▸ TO DO: Every line from the one holding "2026年强基二类生(竞赛破格)最直观的变化,是金银牌认可度严重分化。" through the one holding "แมงมุมกลางแจ้ง" in the data below must be returned exactly, both ends included, with pictures left out and nothing else added.

▸ DATA SUPPLIED:
━━━━
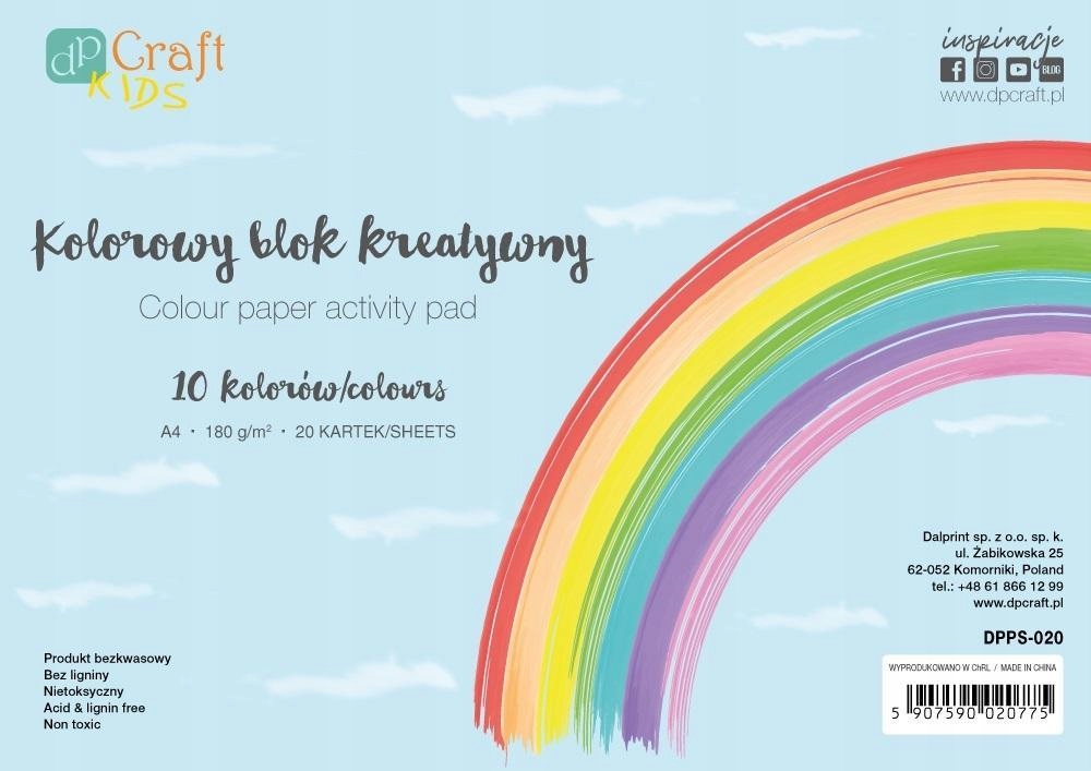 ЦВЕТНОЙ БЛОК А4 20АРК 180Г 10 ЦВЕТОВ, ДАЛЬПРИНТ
━━━━
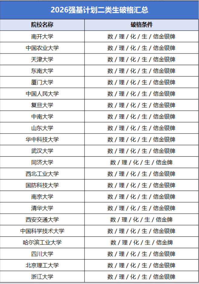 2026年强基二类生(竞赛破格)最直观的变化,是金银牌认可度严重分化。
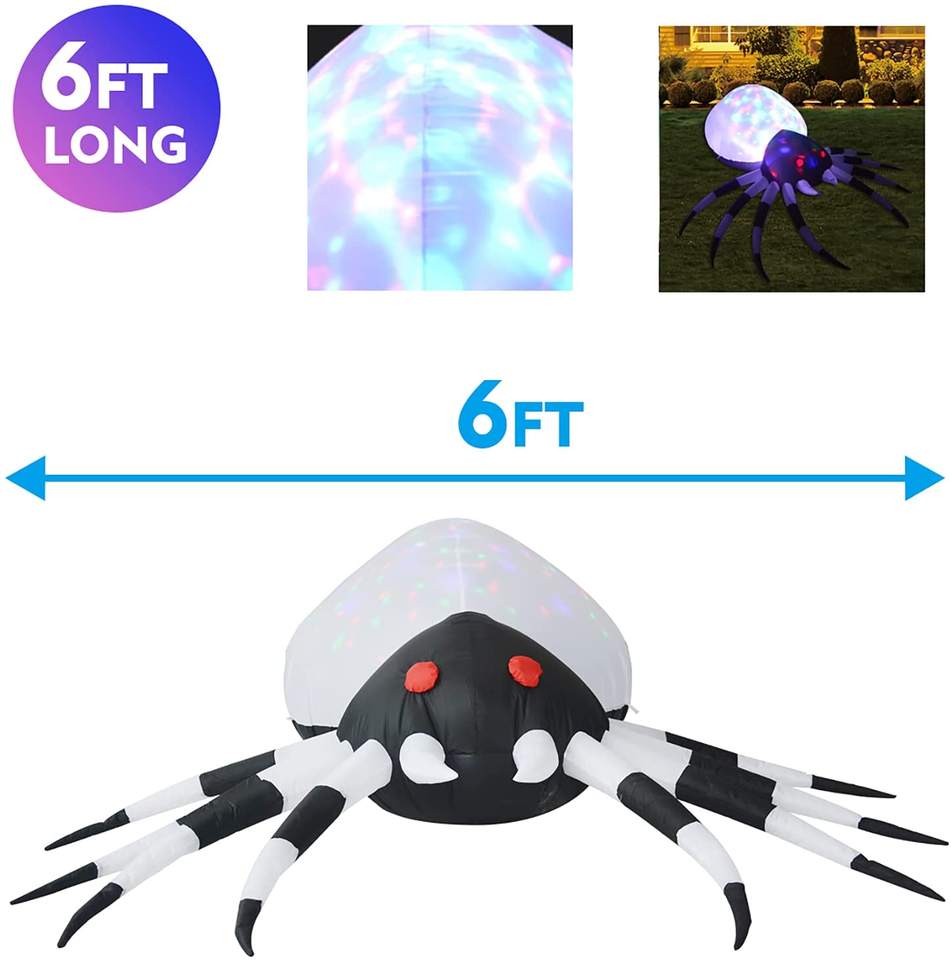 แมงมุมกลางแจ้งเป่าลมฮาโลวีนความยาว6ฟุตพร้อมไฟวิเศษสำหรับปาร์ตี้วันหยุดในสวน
━━━━
▸ SOLUTION TO THIS EXERCISE:
 2026年强基二类生(竞赛破格)最直观的变化,是金银牌认可度严重分化。
 แมงมุมกลางแจ้งเป่าลมฮาโลวีนความยาว6ฟุตพร้อมไฟวิเศษสำหรับปาร์ตี้วันหยุดในสวน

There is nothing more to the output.